> _What is being asked_:
Omit all pictures and give the records below again exactly as written.

> _Information provided_:
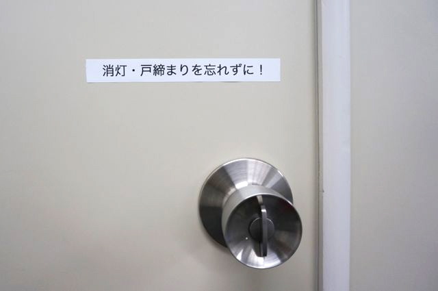 ドアノブの上にシールを貼って消灯をうながせば節電になるかもしれません。
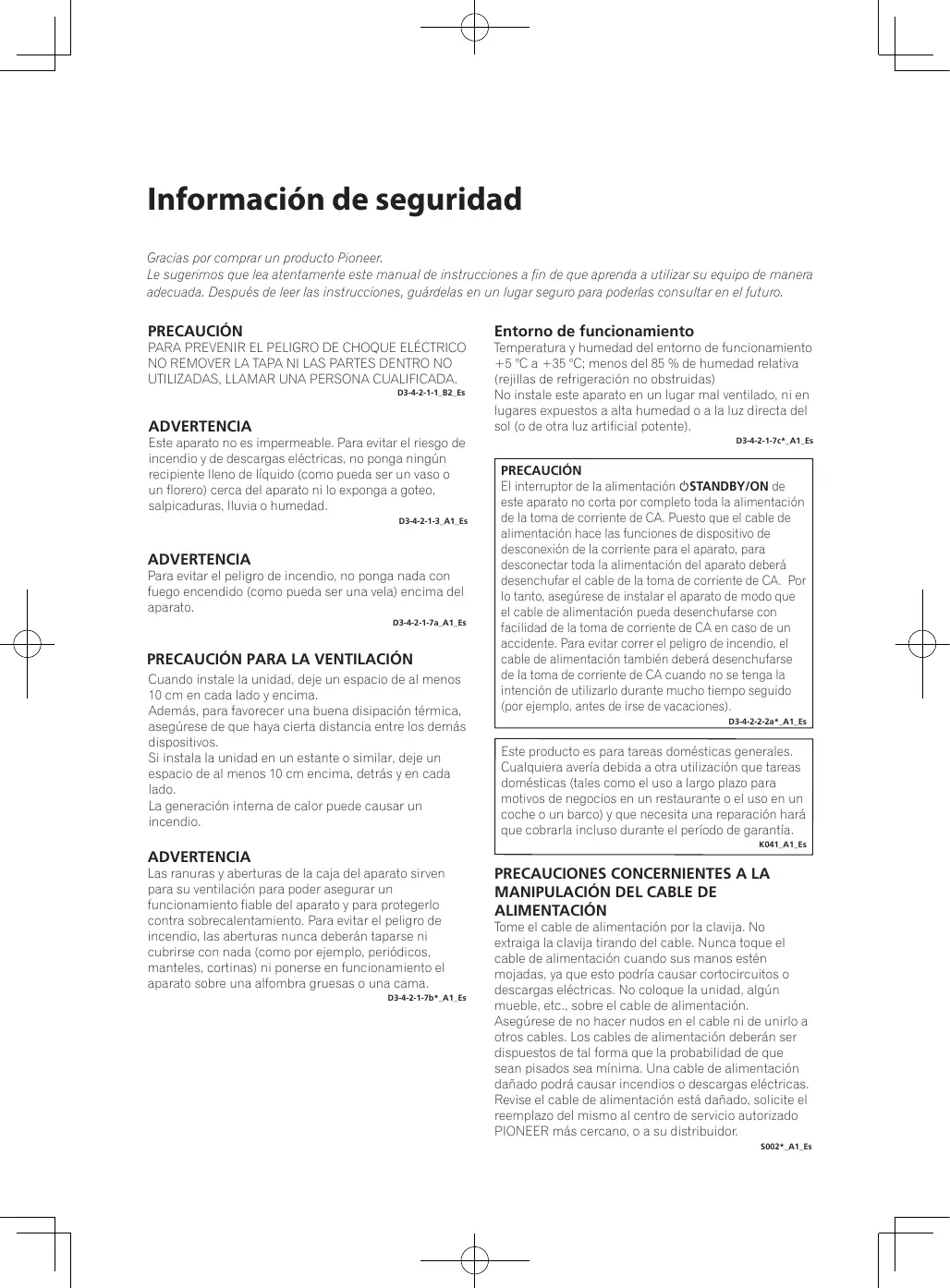 Información de seguridad Gracias por comprar un producto Pioneer. Le sugerimos que lea atentamente este manual de instrucciones a fin de que aprenda a utilizar su equipo de manera adecuada. Después de leer las instrucciones, guárdelas en un lugar seguro para poderlas consultar en el futuro.
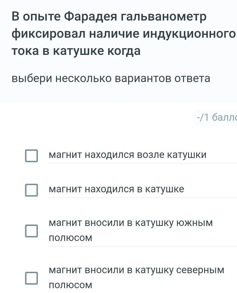 ПОМОГИТЕ ПЛИЗ!!!! В опыте Фарадея гальванометр фиксировал наличие индукционного тока в катушке когда.
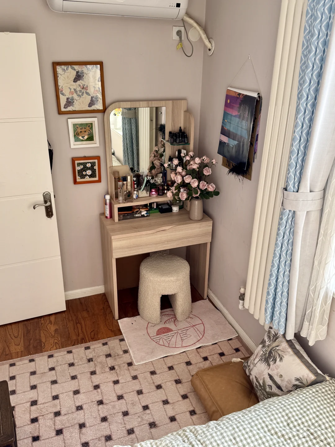 床尾也空出来了自由活动的空间,还可以放个小梳妆台。
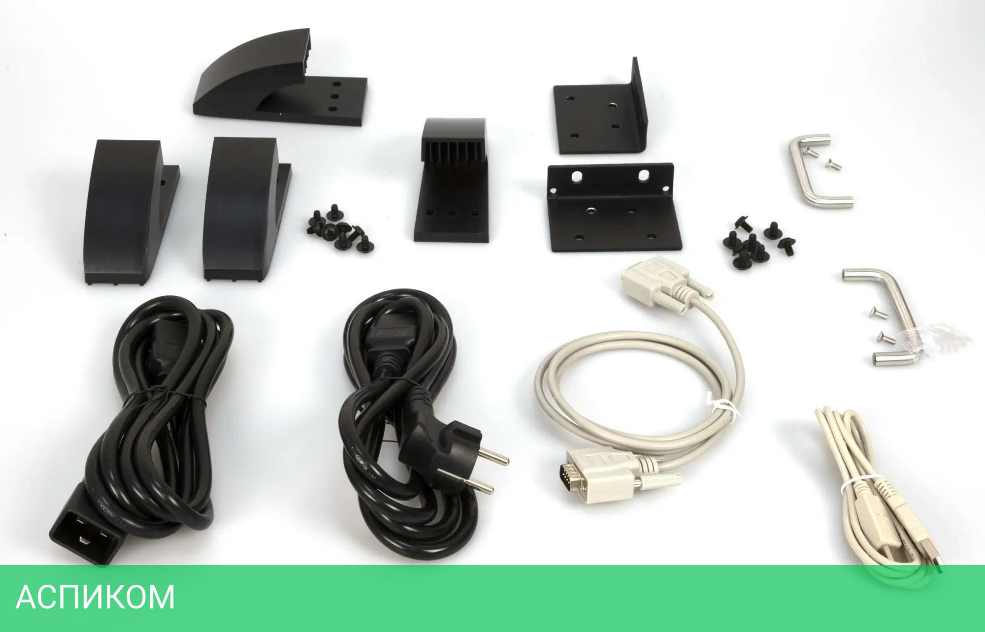 ИБП, входной шнур питания 1.8 м, выходной шнур питания 1.8 м, коммуникационный кабель RS-232/DB9, USB-кабель, ушки для монтажа в стойку, стеллажная башенная стойка

> _Result of the task_:
 ドアノブの上にシールを貼って消灯をうながせば節電になるかもしれません。
 Información de seguridad Gracias por comprar un producto Pioneer. Le sugerimos que lea atentamente este manual de instrucciones a fin de que aprenda a utilizar su equipo de manera adecuada. Después de leer las instrucciones, guárdelas en un lugar seguro para poderlas consultar en el futuro.
 ПОМОГИТЕ ПЛИЗ!!!! В опыте Фарадея гальванометр фиксировал наличие индукционного тока в катушке когда.
 床尾也空出来了自由活动的空间,还可以放个小梳妆台。
 ИБП, входной шнур питания 1.8 м, выходной шнур питания 1.8 м, коммуникационный кабель RS-232/DB9, USB-кабель, ушки для монтажа в стойку, стеллажная башенная стойка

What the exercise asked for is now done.